# period doubling

## Period doubling

A scenario for the transition of a natural process from regular motion to chaos. Various natural processes develop in time in a way that depends upon prevailing environmental details. A quantity that specifies the particular state of the environment of a process is called a parameter, and is taken as a fixed value over the course of development of the process.

It is a frequent natural occurrence for a process to have a regular and easily describable motion for some range of parameters, but to have complex, irregular, and difficult-to-describe motions for other ranges of parameters. In the context of fluid flow, the latter circumstance is termed turbulence.

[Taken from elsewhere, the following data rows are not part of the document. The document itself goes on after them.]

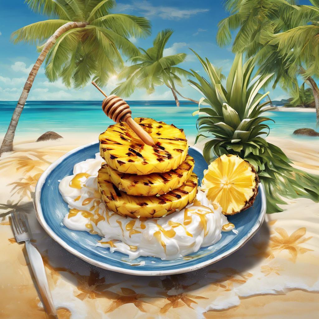 Grilled Pineapple with Coconut Cream, drizzled with honey, is a tropical delight that originated in the vibrant culinary scene of Southeast Asia. This luscious dessert has gained popularity for its tantalizing blend of flavors and textures. Renowned chefs in Thailand and Indonesia have perfected this dish, infusing it with their unique culinary expertise. The succulent pineapple is grilled to caramelized perfection, enhancing its natural sweetness, while the velvety coconut cream adds a rich, creamy contrast. The drizzle of honey provides a delightful touch of sweetness, elevating the dish to a heavenly indulgence. For the best version of this dish, seek out restaurants specializing in Southeast Asian cuisine or try making it at home with fresh, ripe pineapple and high-quality coconut cream.
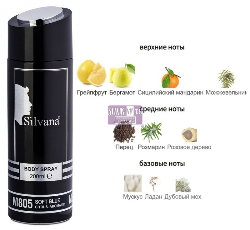 Парфюмированный дезодорант-спрей для тела Silvana M805 Soft Blue, 200ml
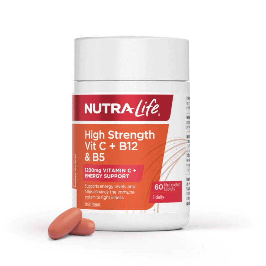 Nutra-Life High Strength Vit C + B12 & B5 combines a high strength 1200mg dose of Vitamin C with Vitamin B12 & Vitamin B5.

In a more general context it is called chaos (which includes fluid turbulence but presages an underlying generality). *See* Fluid flow, Turbulent flow

Sometimes, as the environmental parameters are varied, a process may systematically exhibit more irregular motions, turning over into chaotic motion beyond some parameter value. In analogy to the phenomenology of phase transitions, this circumstance is termed a transition to chaos. There are a variety of qualitatively different transitions to chaos, each termed a scenario. Period doubling is one frequently encountered scenario leading to chaos for which a full theoretical account exists. Since it occurs in a wide variety of processes of significantly divergent physical characters (for example, fluid-flow, chemical reactions, and electronic devices), it is sensible to consider it as a phenomenon in its own right. *See* Phase transitions

In order to observe this scenario, it is sufficient that all but one parameter is held fixed. Over some range of this varied parameter (it shall be defined to increase over the range of investigation) the motion is observed to be periodic. Above a certain value of the parameter the motion grows more complicated (a bifurcation has occurred): after the amount of time *T* for which the motion exactly repeated itself just prior to the bifurcation, the motion now slightly fails to do so, exactly repeating, however, after another *T* seconds. That is, the period has doubled from *T* to 2*T*. As the parameter is further increased, the error to repeat after the first half of the new period systematically increases. A still further increase of parameter produces another bifurcation resulting in a new doubling of the period: the motion slightly fails to repeat after two roughly periodic cycles, exactly doing so after four. As the parameter is further increased, there are successive period-doubling bifurcations, more and more closely spaced in parameter value until at a critical value the doubling has occurred an infinite number of times, so that the motion is now no longer periodic and hence of a more complex character than had yet been encountered. Unpredictably complex motions occur for values of the parameter above its critical value, although ranges of parameter still exist for which the system exhibits new periodic motions. Indeed any period-doubling system exhibits the same sequence of truly chaotic motion and interspersed periodicities as its parameter increases. Thus there is a strong degree of qualitatively universal behavior for all systems experiencing this scenario.

However, there is also a precise quantitative universality. That is, without knowing the system (or its equations) essentially all measurable quantities can be predicted: By looking at the data alone, it would not be possible to guess the physical system responsible for that data. Thus, reminiscent of thermodynamics, questions can be posed and answered in a general manner that bypasses the specific mechanisms governing any particular system.